Infrastructure protectionNew technology solves city pipelines leakage problem without excavation

Published 20 August 2015

In Mexico City there are twenty-six thousand kilometers of water pipes and drainage, of which about 8,000 are useless, with risk of collapse and resulting cuts in service. The water pipes infrastructure of many other cities is not much better. A Mexican start-up has created a technology to renew piping without the need for excavation, ensuring it lasts fifty years, twice as long as traditional piping.

Polyvinyl Chloride (PVC) Lined RCP // Source: Polyvinyl Chloride (PVC) Lined RC

Tubepol is a company founded in 2012 by two graduates of the National University of Mexico (UNAM). Engineers Adrian Cordero Ibarra and Jorge Pérez Gavilán Paz created a technology to renew piping without the need for excavation, ensuring it lasts fifty years, twice as long as traditional piping.

With their method, Polymer Pipe Cured in Site (TPC, for Tubería Polimérica Curada en Sitio) they resolved problems of leaks, cracks, and filtrations in pipes that have fulfilled their useful life. The price is equivalent to the civil work, but with great social savings, given that there is no need for closing shops, stopping traffic, or any risk of damaging public facilities.

Investigación y Desarrollo reports that Tubepol began by addressing the problem of rehabilitating pipes without having to drill. “We were in college and approached the System of Business Incubators InnovaUNAM to find ways to develop our idea. There, we found support, advice and training in management, accounting and marketing. We started to seek the solution and the right formula to develop our products,” explained Adrian Cordero, CEO of the company.

Our barriers were always money and lack of confidence from the people towards us because we are young; so one of the key points of our company is that we believe that we can do it, we trust Mexican engineering and that there are opportunities for young people. So we want to be an example of doing important things in this subject.”

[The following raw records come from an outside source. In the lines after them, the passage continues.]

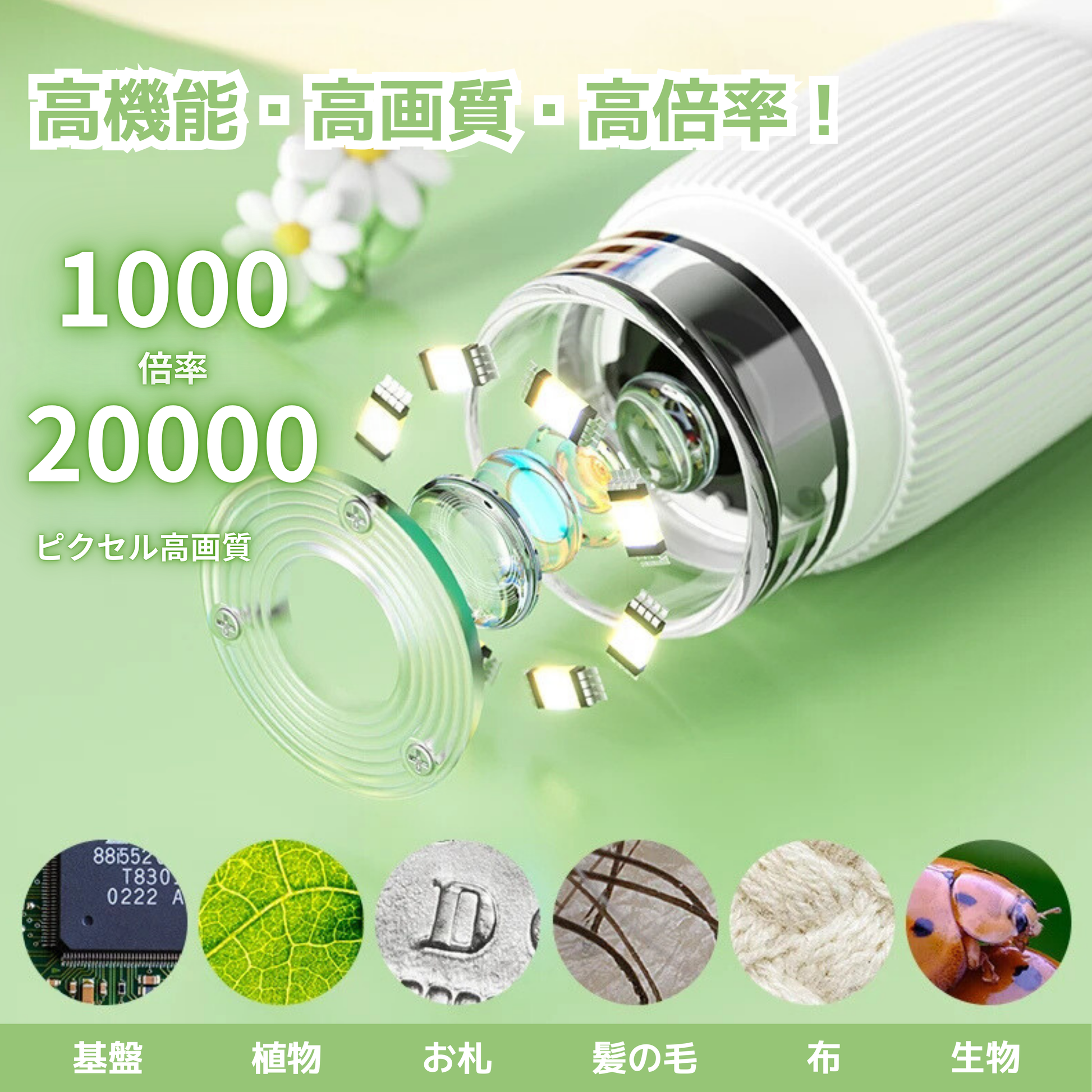 葉っぱ、虫、布、コインなど、身の回りのものを簡単に拡大して観察できます。
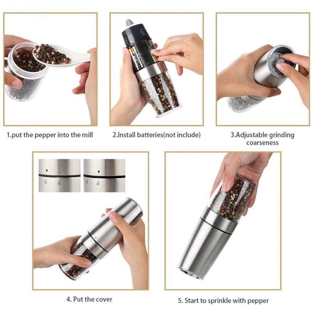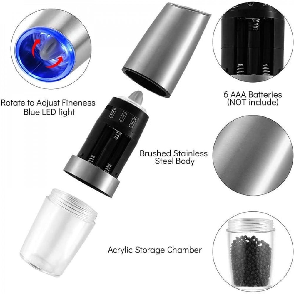 مطحنة كهربائية للتوابل ، طاحونة مولر مع ضوء LED، زوج واحد
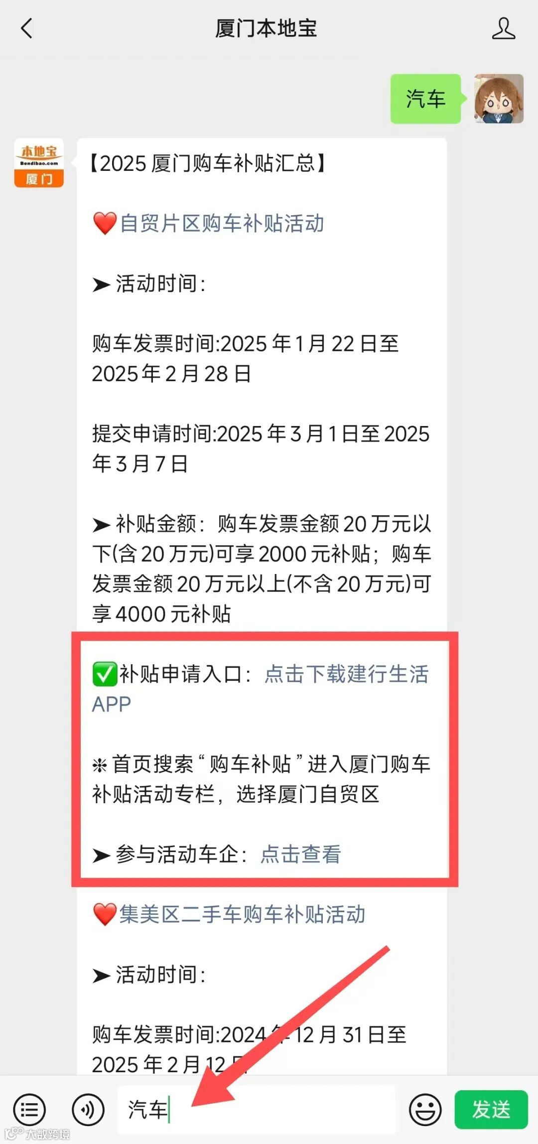 😘温馨提示:在厦宝聊天对话框内回复【汽车】,即可获取集美区二手车购车补贴申请入口+活动车企名单!
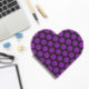 Heart shaped, spiral bound notebook for writing or sketching whose front and back covers feature the photo image of a little, purple Cranesbill Geranium flower on a black background and printed in a repeating pattern. A fun, floral design! Select your notebook options.
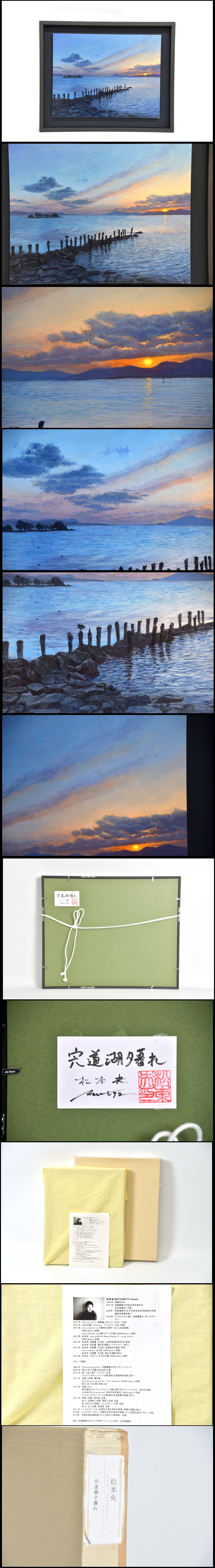 413(真作) 松本央 「宍道湖夕暮れ」百貨店購入 島根県●リアリズム 油彩 パネル 額装 京都 洋画家 油絵 アート 絵画 美術 收藏
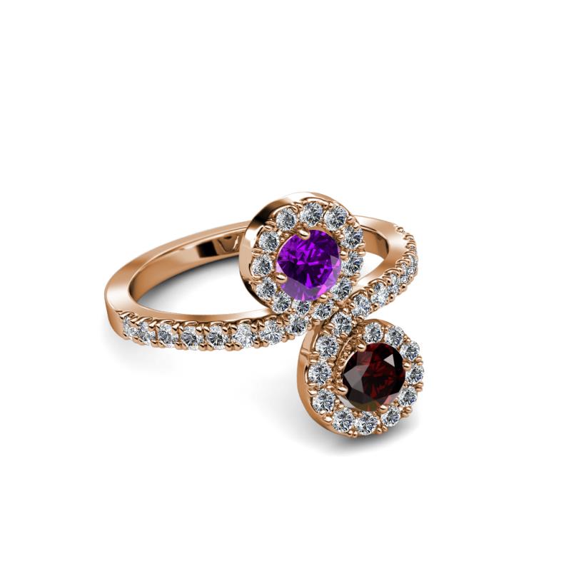 Red Garnet and Amethyst 2 Stone with Side Diamonds Womens Bypass Engagement Ring 1.26 ctw 14K Rose Gold More Details ...
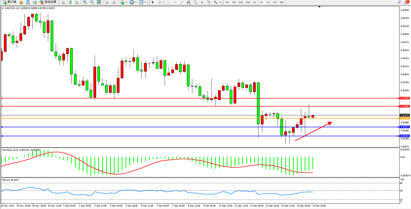 美元瑞郎USDCHF——4小时K线图显示:
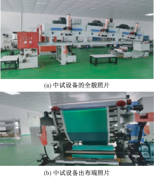 Digital photos of whole pilot equipment. (a) Photo of pilot equipment; (b) Photo of fabric outlet of pilot equipment"
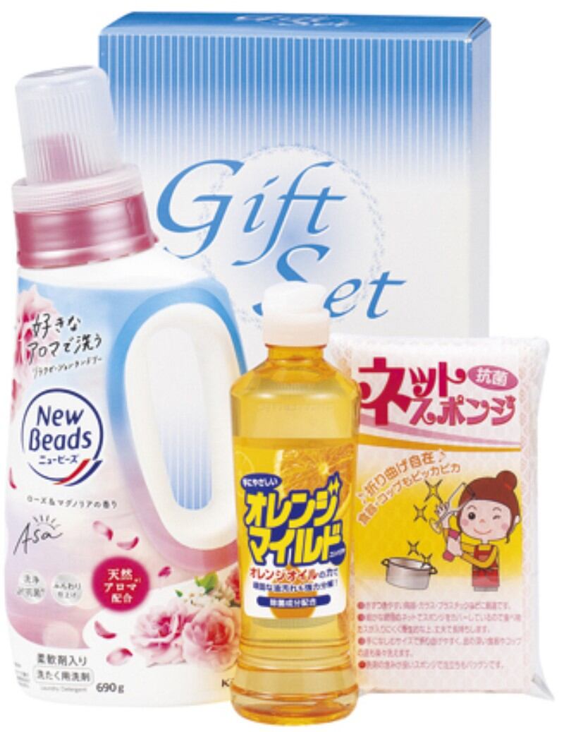 商品内容:花王ニュービーズローズ&マグノリアの香り(本体)690g・オレンジマイルドコンパクト270ml・ネットスポンジ1P×各1
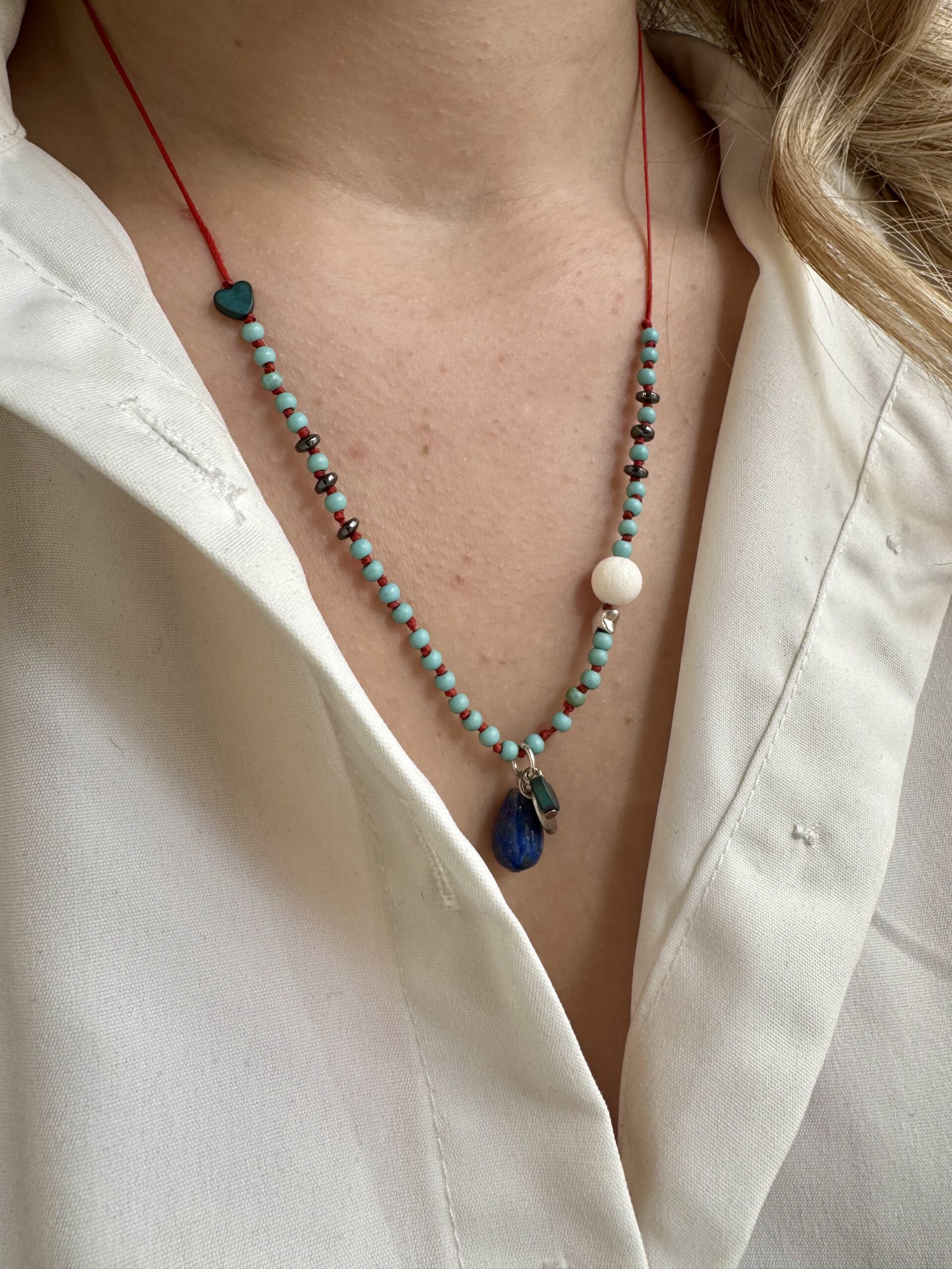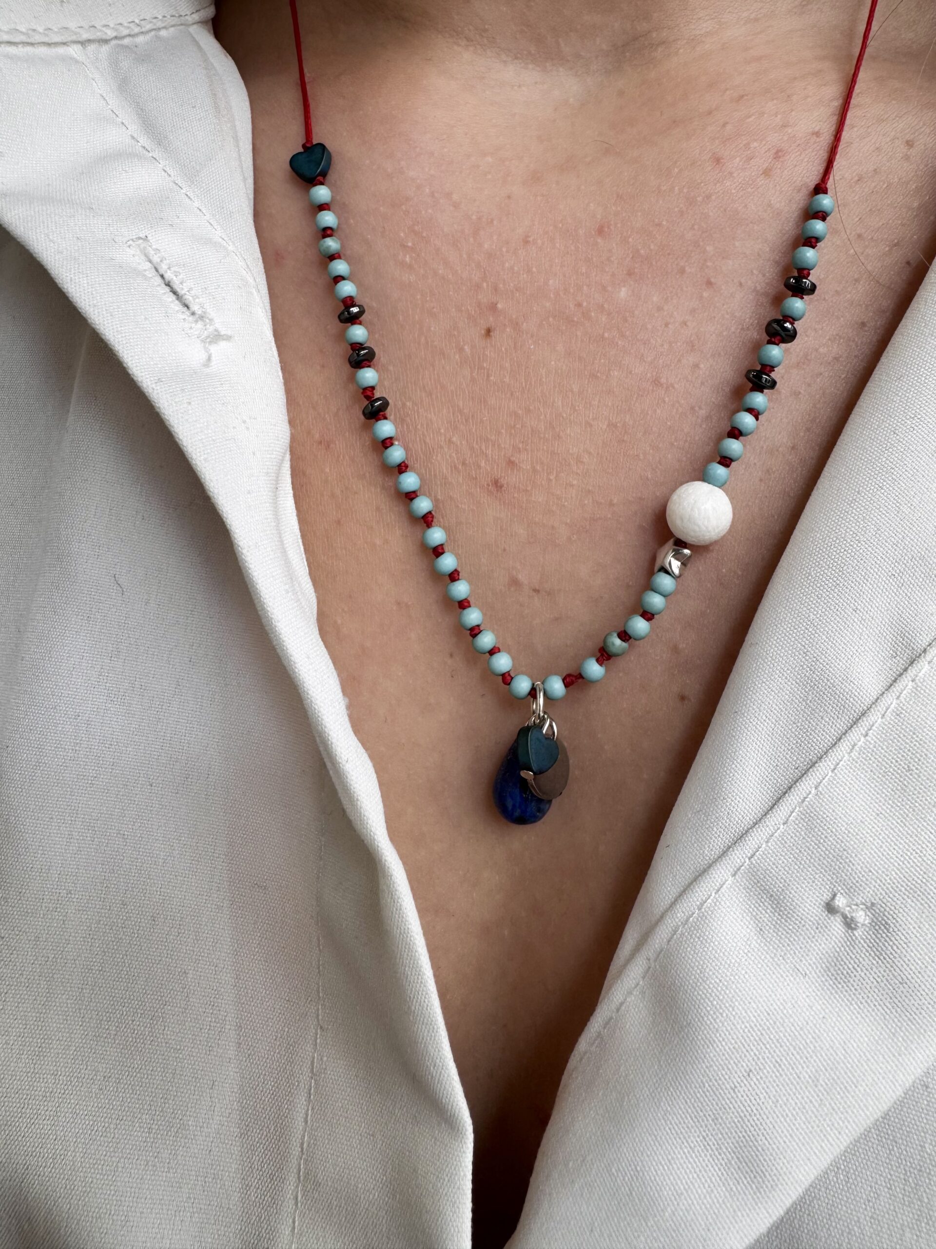 A distinctive necklace, hand knotted bead by bead, featuring semi precious stones such as hematite, pearl, howlite, and lapis lazuli.
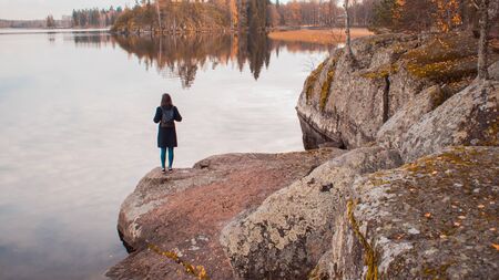 A woman stands on the shore of the lake alone. Thoughtfulness and meditation. Northern nature, unity with nature
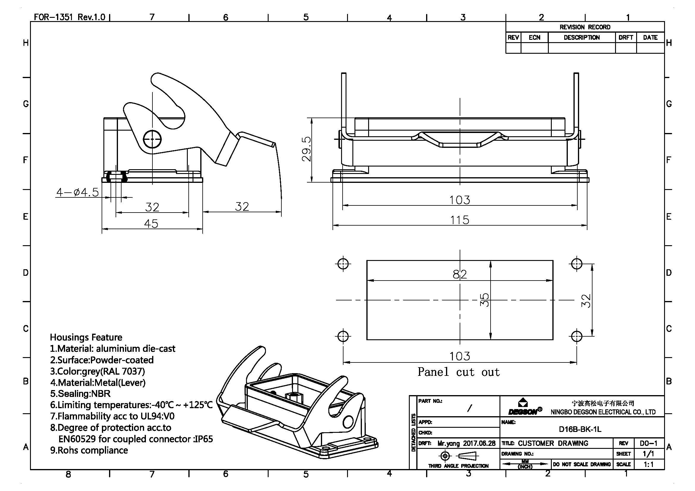 D16B-BK-1L, Корпус разъема, основание, под фланец, 1...
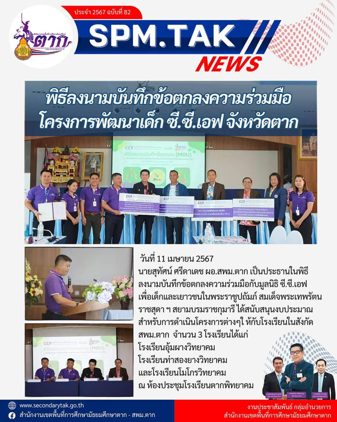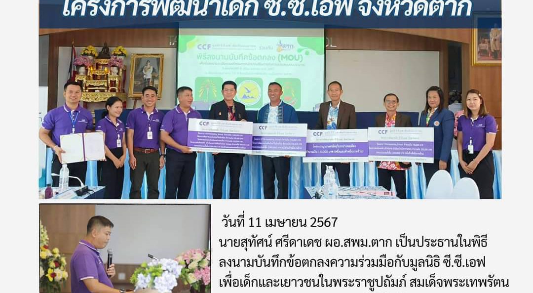 พิธีลงนามบันทึกข้อตกลงความร่วมมือ โครงการพัฒนาเด็ก ซี.ซี.เอฟ จังหวัดตาก วรวุฒิ เนื้อนิ่ม 17 เมษายน 2567 จำนวนคนดู 1
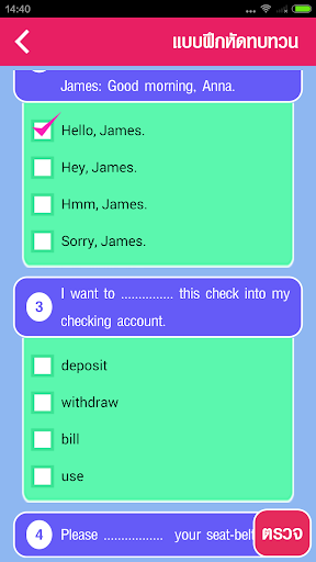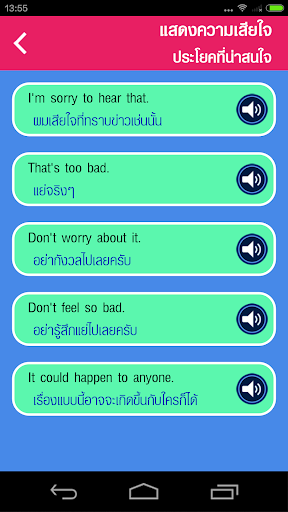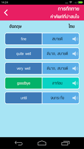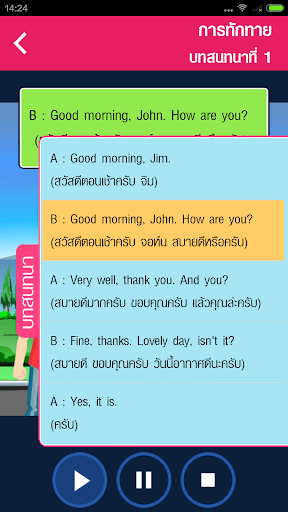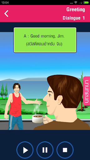 This app will help you to learn English and English conversation effectively by speaking after dialogues provided for various situations in daily life. It is great for students and general people, or those who do not have much time. The app provides conversation dialogues recorded by native speakers, written and spoken Thai translations as well as images to go with the conversation. You can tap on each sentence to listen to it repeatedly. It is easy-to-use and features lots of interesting and useful expressions and vocabularies, as well as tests to evaluate you the result.
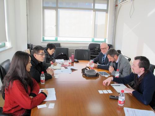 2014121日上午,巴黎四大副校长Pascal Aquien教授,博士研究生院院长Pierre Demeulenaere教授、中法学院法方行政办公室主任马丘来我院访问。副院长王英健教授、艺术学系副系主任付阳华副教授、办公室副主任钱军参加了此次会谈。双方就可能的合作形式进行探讨,并达成初步合作意向,我院有意邀请巴黎四大艺术学教授来院举办2015年暑期小学期课程,为将来更多形式的交流合作创造了良好的开端。
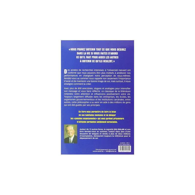 Des années d'intensives recherches à l'Université de Harvard ont confirmés que nous pouvons modifier notre motivation et améliorer nos performances en changeant la façon de nous percevoir comme individus. Rendez-vous au sommet nous rappel de l'importance d'avoir et de maintenir une bonne image de soi et surtout nous enseigne sur le comment la créer. Avec plus de 800 anecdotes, slogans et analogies pour intensifier les propos avancés et vous faire réfléchir, ce classique de la littérature retiendra votre attention et affectera positivement votre vie. Toujours largement diffusée dans les entreprises, les écoles, les organismes gouvernementaux et institutions carcérales, entre autre, cette philosophie a su venir en aide à des millions d'individus qui se sont laissé guider par ses principes.

According to information provided by the team, in Mexico City there are twenty-six thousand kilometers of water pipes and drainage, of which about 8,000 are useless, with risk of collapse and resulting cuts in service. The rehabilitation process with Tubepol first involves performing a video inspection by feeding a camera through the pipe. Images are available in real time and identify the problem promptly. With the obtained data, Tubepol plans the rehabilitation process.

We designed a polyester-felt sleeve, which is like a bag the size of the pipe with felt inside and an outer plastic layer; we impregnate it with a resin, take it to the site and through an access point, which is usually a strainer or a valve box, inflate the balloon and with steam provoke the resin to harden, which, along with the felt, creates a new pipe inside of the damaged one,” said the UNAM graduate.

Tubepol can rehabilitate pipes from four inches in diameter to 72, reducing economic costs and time by manufacturing a pipe of 100 or 150 meters long in a single night, in comparison with conventional methods that can take up to three weeks. Other advantages are quick installation, structural strength, increased flow capacity and a solution to infiltration.

In the end, we feel satisfaction when we see that one of the ideas we had while at the university became a company in which many people work, and also offers a valuable service for customers with social resonance. Now, we are looking for companies to acquire the technology and take it across the country,” Adrian Cordero Ibarra concluded.